▶ Assignment
For every entry that follows, return the words exactly and omit any picture.

Data entries
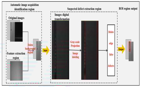 The threshold value of the average gray projection value can be pre-adjusted according to the scene illumination gradation and defect-free strip steel’s gray-scale value. The threshold value is set according to the lighting conditions of each experiment and defect-free strip steel images; it is an empirical value from a large number of comparative tests. After a simple calculation of the average gray projection value and gray-scale value comparison, the strip steel edge region and background can be substantially divided. Figure 3 shows a steel strip defect acquisition region.
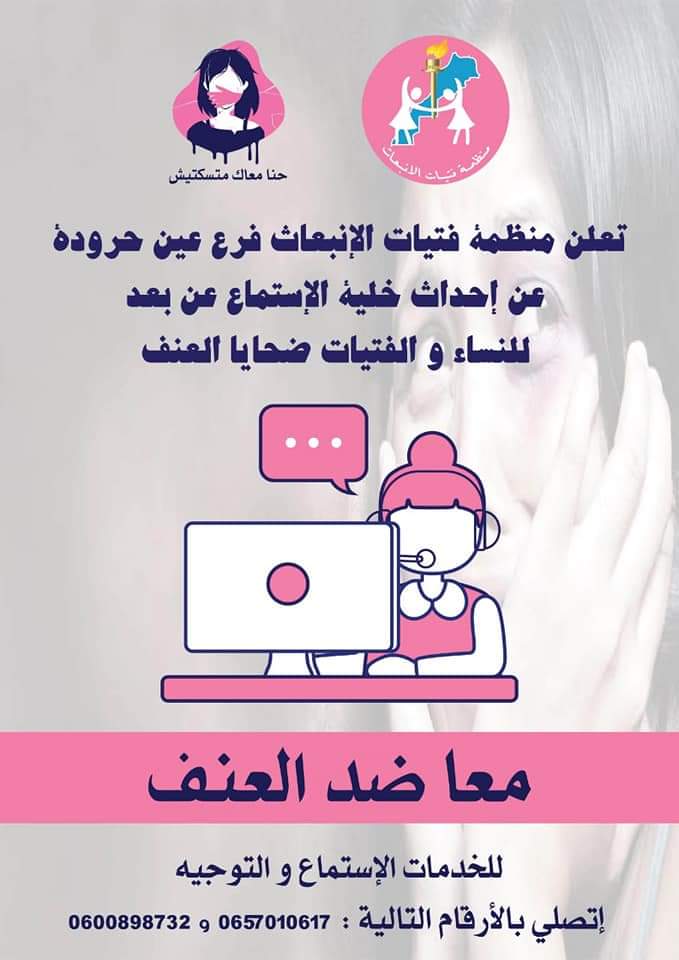 أحدثت منظمة فتيات الإنبعاث فرع عين حرودة (المحمدية)، خلية الإستماع عن بعد للنساء والفتيات ضحايا العنف، تضم هذه الخلية مجموعة من المستمعات والمحاميات و الأخصائيين، سيسهرون على توفير خدمات الإستماع و التوجيه و المرافقة والدعم النفسي عن بعد.
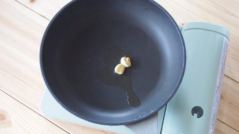 2.鍋にオリーブオイルとにんにくを入れて、弱火で加熱する。
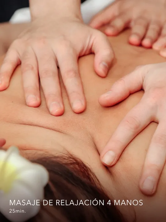 Dos terapeutas trabajan simultáneamente en sincronía con movimientos suaves, envolventes y armoniosos que junto al uso de esencias y aceites naturales ayudan a liberar el estrés acumulado por la rutina diaria. Disponible en sesiones de 25 minutos, el Masaje a 4 Manos multiplica la sensación de bienestar y permite al cuerpo alcanzar un nivel profundo de desconexión.
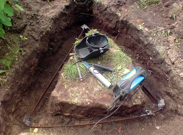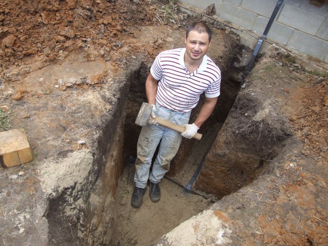 - Электроды заглубляют в грунт при помощи кувалды так, чтобы они возвышались над дном котлована или траншеи на 20 см.
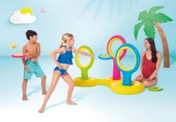 A vizes játék korongokkal remek szórakozás a gyerekeknek a nyári napokon a vízparton. Ez a felfújható játék sok órányi örömet és mozgást biztosít a friss levegőn.
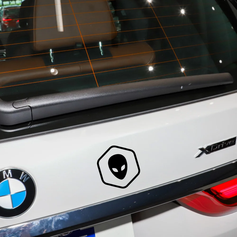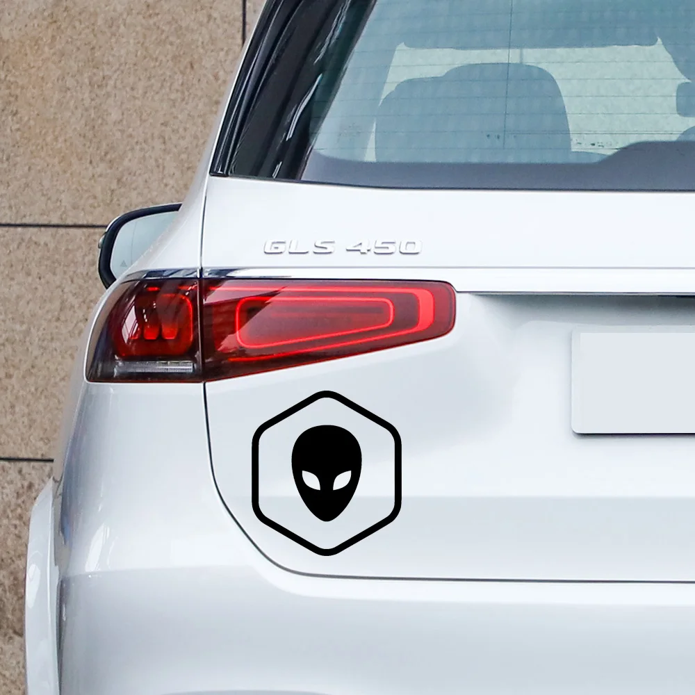 Мультяшный контур инопланетянина Шестигранная виниловая наклейка автомобильная оконная Наклейка Чернаясеребряная 11,8*12,9 см S-00329
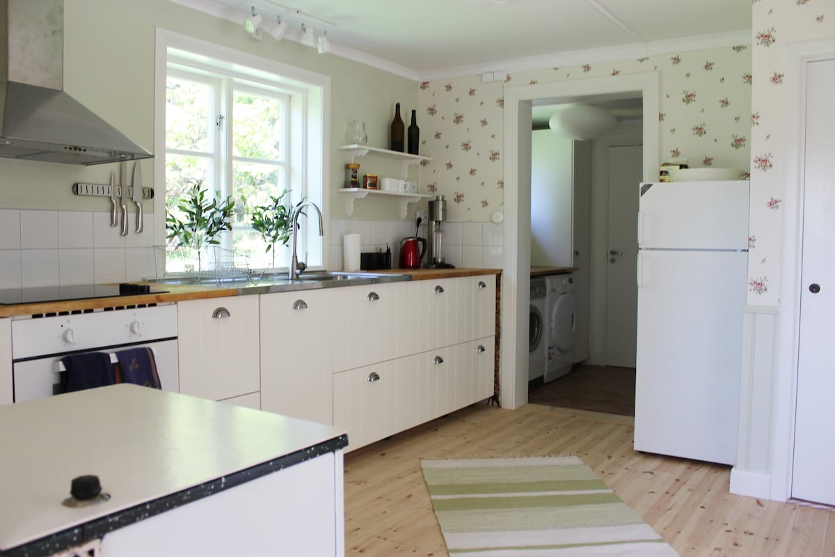 Mag-relax kasama ang buong pamilya sa tahimik na lugar na ito. Sa kalikasan na nasa paligid, maaari kang maglakad-lakad at makakita ng mga tupa at baka, at maaaring isang alce kung masuwerte ka. Magluto ng masarap na hapunan sa malaking kusina, o maglaro at manood ng pelikula nang magkakasama sa harap ng pugon. Sa pamamagitan ng kotse, maaari kang mag-excursion sa mga lokal na tindahan ng sakahan, Ekolsunds slott, Hjälstaviken at maging sa isang swimming area sa Mälaren sa loob ng 10 min. Kung nais mong sumakay ng bus papuntang Uppsala (40 min) o Enköping (15 min), ang mga ito ay direktang 230m mula sa bahay.
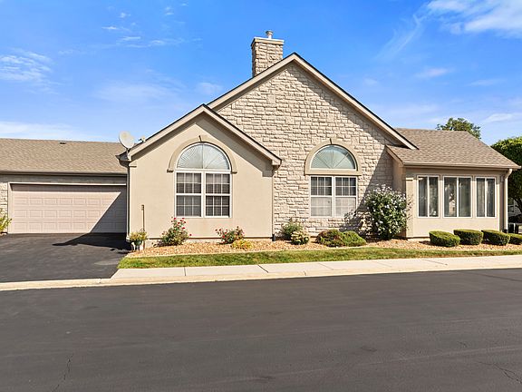 Immaculate ranch townhome in the desirable Heritage Club Villas! This 3-bedroom, 2-bath home features an open layout with vaulted ceilings, hardwood floors, gas fireplace, and a four-season sunroom. The primary suite offers a walk-in closet and en-suite bath, plus two additional spacious bedrooms. Enjoy a 2-car garage, private driveway, newer mechanicals (AC & furnace 4 yrs, roof 5 yrs). Community amenities include an outdoor pool, clubhouse with many social activities and exercise room. Conveniently located near shopping and highways. 55+ community. Estate sale being sold as-is.
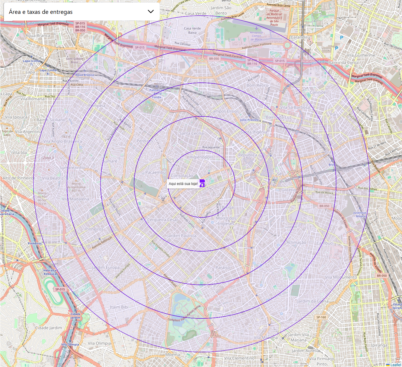 3️⃣ Após adicionar as áreas de entrega e clicar em <mark style="color:purple;">**Salvar**</mark>, o sistema irá exibir no <mark style="color:purple;">**mapa interativo**</mark> <mark style="color:purple;"></mark><mark style="color:purple;">o</mark> <mark style="color:purple;"></mark><mark style="color:purple;">**raio de cada uma das áreas cadastradas**</mark><mark style="color:purple;">,</mark> permitindo uma visualização clara da sua cobertura de atendimento.
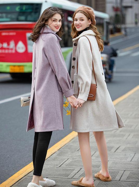 2018秋冬新作!トレンドのレトロ☆大きめボタンとポケットがレトロな印象を与える、暖かなウールコート♪XS〜XLまで☆ C30783
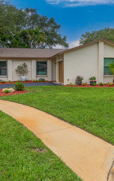 *+55 *. All is top of the line in this designer house! first the location, +8000 SFT lot on a very quiet cul de sac with well maintained houses around. Second the roof was installed in 2021, the windows were installed in 2012 with permit, including the sliders leading to a beautiful large patio. A new Trane AC system. The main living area has an open concept kitchen with Kitchen Aid appliances! A snack bar and a gorgeous white quartz counter top. Waterproof vinyl flooring looking like real wood. Recessed ceiling lights in all rooms, 3 good size bedrooms, 2 new bathrooms, one of the bedroom opens on the living area through a large barn door There is a covered patio with a peaceful nature view. A large one car garage with a washer and a dryer dedicated area completes this perfect home
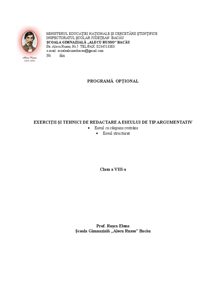 Programa Optional Eseul Argumentativ
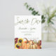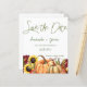 O Casamento outono Floral De Outono Da Abóbora Salva A Data. Casamento elegante Salve os cartões de data para um casamento temático outono/outono. O design tem folhas de outono de abóbora, flores de sol ilustrando o fundo e o texto escrito em bonito texto. Esses cartões salve a data clássicos simples são perfeitos para anunciar seu grande dia. Mande essas cartas elegantes para a família e amigos. Personalize as cartas mudando os nomes da noiva e do noivo e a data do casamento. Para mais personalizações, contacte-me em mypaperlove.2021@gmail.com
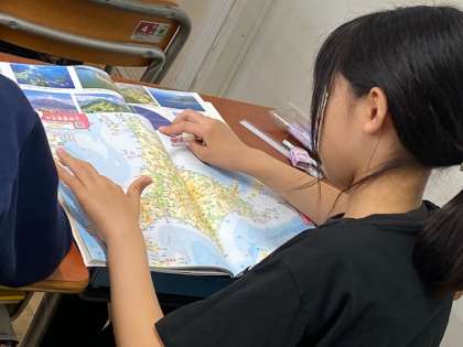 その後、地図帳を開き、地図帳で全国各地の山地などの確認も行いました。
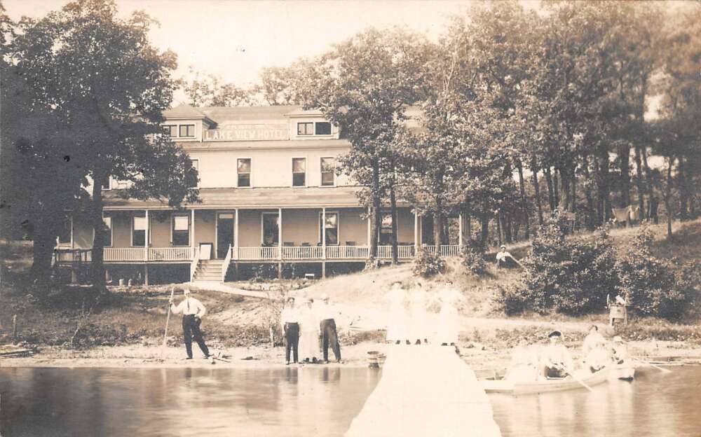 Crown Point Indiana Lake View Hotel Beach and Pier Real Photo Postcard AA108744
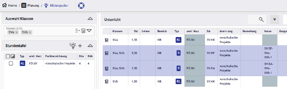 • In der Klassenbildung die notwendige Anzahl Klassen mit Klassentyp GS:SV bilden.
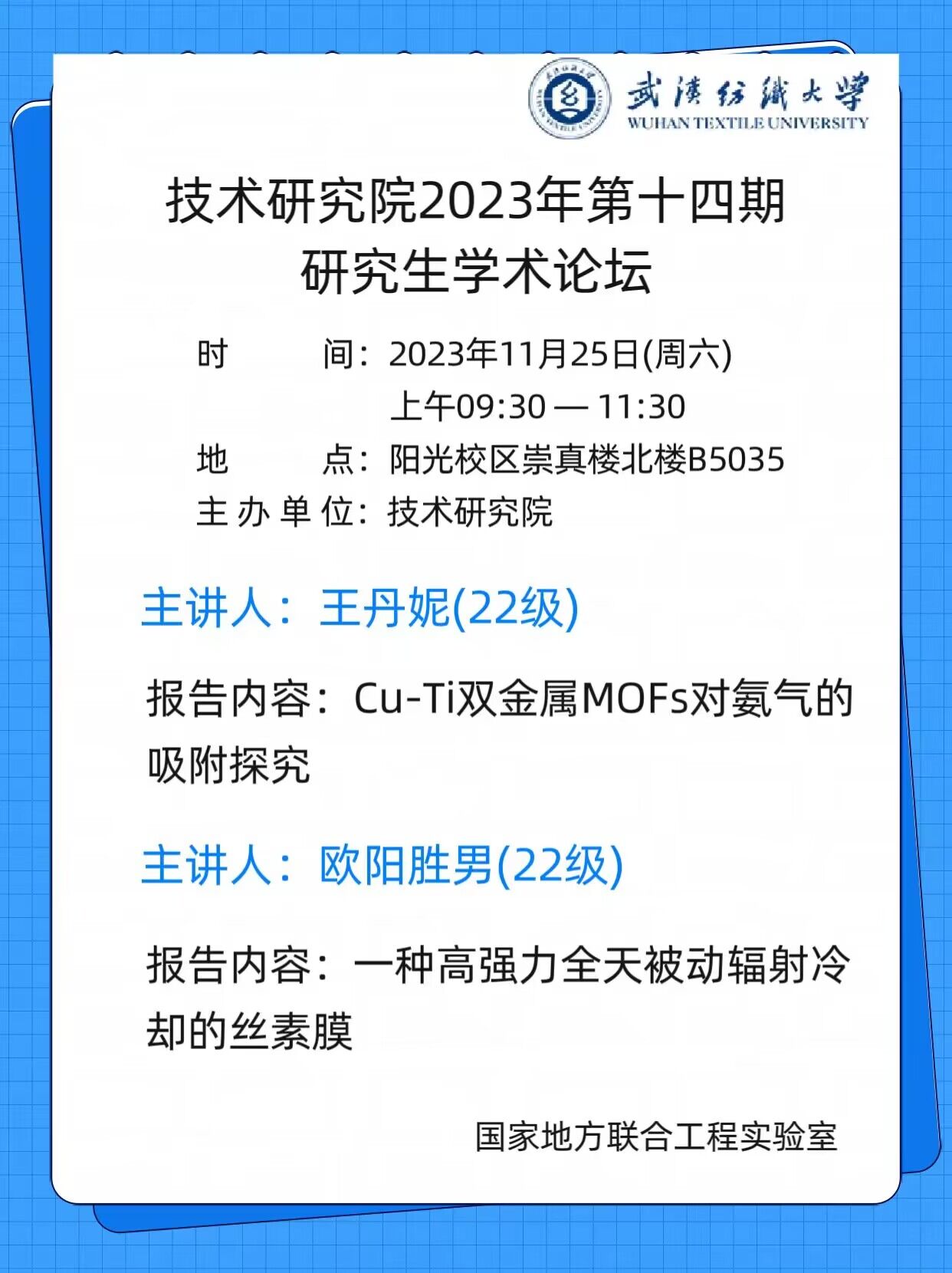学术预告:第428期研究生学术论坛暨技术研究院2023年第14期研究生学术论坛

▶ Result
 The threshold value of the average gray projection value can be pre-adjusted according to the scene illumination gradation and defect-free strip steel’s gray-scale value. The threshold value is set according to the lighting conditions of each experiment and defect-free strip steel images; it is an empirical value from a large number of comparative tests. After a simple calculation of the average gray projection value and gray-scale value comparison, the strip steel edge region and background can be substantially divided. Figure 3 shows a steel strip defect acquisition region.
 أحدثت منظمة فتيات الإنبعاث فرع عين حرودة (المحمدية)، خلية الإستماع عن بعد للنساء والفتيات ضحايا العنف، تضم هذه الخلية مجموعة من المستمعات والمحاميات و الأخصائيين، سيسهرون على توفير خدمات الإستماع و التوجيه و المرافقة والدعم النفسي عن بعد.
 2.鍋にオリーブオイルとにんにくを入れて、弱火で加熱する。
 Dos terapeutas trabajan simultáneamente en sincronía con movimientos suaves, envolventes y armoniosos que junto al uso de esencias y aceites naturales ayudan a liberar el estrés acumulado por la rutina diaria. Disponible en sesiones de 25 minutos, el Masaje a 4 Manos multiplica la sensación de bienestar y permite al cuerpo alcanzar un nivel profundo de desconexión.
 - Электроды заглубляют в грунт при помощи кувалды так, чтобы они возвышались над дном котлована или траншеи на 20 см.
 A vizes játék korongokkal remek szórakozás a gyerekeknek a nyári napokon a vízparton. Ez a felfújható játék sok órányi örömet és mozgást biztosít a friss levegőn.
 Мультяшный контур инопланетянина Шестигранная виниловая наклейка автомобильная оконная Наклейка Чернаясеребряная 11,8*12,9 см S-00329
 Mag-relax kasama ang buong pamilya sa tahimik na lugar na ito. Sa kalikasan na nasa paligid, maaari kang maglakad-lakad at makakita ng mga tupa at baka, at maaaring isang alce kung masuwerte ka. Magluto ng masarap na hapunan sa malaking kusina, o maglaro at manood ng pelikula nang magkakasama sa harap ng pugon. Sa pamamagitan ng kotse, maaari kang mag-excursion sa mga lokal na tindahan ng sakahan, Ekolsunds slott, Hjälstaviken at maging sa isang swimming area sa Mälaren sa loob ng 10 min. Kung nais mong sumakay ng bus papuntang Uppsala (40 min) o Enköping (15 min), ang mga ito ay direktang 230m mula sa bahay.
 Immaculate ranch townhome in the desirable Heritage Club Villas! This 3-bedroom, 2-bath home features an open layout with vaulted ceilings, hardwood floors, gas fireplace, and a four-season sunroom. The primary suite offers a walk-in closet and en-suite bath, plus two additional spacious bedrooms. Enjoy a 2-car garage, private driveway, newer mechanicals (AC & furnace 4 yrs, roof 5 yrs). Community amenities include an outdoor pool, clubhouse with many social activities and exercise room. Conveniently located near shopping and highways. 55+ community. Estate sale being sold as-is.
 3️⃣ Após adicionar as áreas de entrega e clicar em <mark style="color:purple;">**Salvar**</mark>, o sistema irá exibir no <mark style="color:purple;">**mapa interativo**</mark> <mark style="color:purple;"></mark><mark style="color:purple;">o</mark> <mark style="color:purple;"></mark><mark style="color:purple;">**raio de cada uma das áreas cadastradas**</mark><mark style="color:purple;">,</mark> permitindo uma visualização clara da sua cobertura de atendimento.
 2018秋冬新作!トレンドのレトロ☆大きめボタンとポケットがレトロな印象を与える、暖かなウールコート♪XS〜XLまで☆ C30783
 *+55 *. All is top of the line in this designer house! first the location, +8000 SFT lot on a very quiet cul de sac with well maintained houses around. Second the roof was installed in 2021, the windows were installed in 2012 with permit, including the sliders leading to a beautiful large patio. A new Trane AC system. The main living area has an open concept kitchen with Kitchen Aid appliances! A snack bar and a gorgeous white quartz counter top. Waterproof vinyl flooring looking like real wood. Recessed ceiling lights in all rooms, 3 good size bedrooms, 2 new bathrooms, one of the bedroom opens on the living area through a large barn door There is a covered patio with a peaceful nature view. A large one car garage with a washer and a dryer dedicated area completes this perfect home
 Programa Optional Eseul Argumentativ
 O Casamento outono Floral De Outono Da Abóbora Salva A Data. Casamento elegante Salve os cartões de data para um casamento temático outono/outono. O design tem folhas de outono de abóbora, flores de sol ilustrando o fundo e o texto escrito em bonito texto. Esses cartões salve a data clássicos simples são perfeitos para anunciar seu grande dia. Mande essas cartas elegantes para a família e amigos. Personalize as cartas mudando os nomes da noiva e do noivo e a data do casamento. Para mais personalizações, contacte-me em mypaperlove.2021@gmail.com
 その後、地図帳を開き、地図帳で全国各地の山地などの確認も行いました。
 Crown Point Indiana Lake View Hotel Beach and Pier Real Photo Postcard AA108744
 • In der Klassenbildung die notwendige Anzahl Klassen mit Klassentyp GS:SV bilden.
学术预告:第428期研究生学术论坛暨技术研究院2023年第14期研究生学术论坛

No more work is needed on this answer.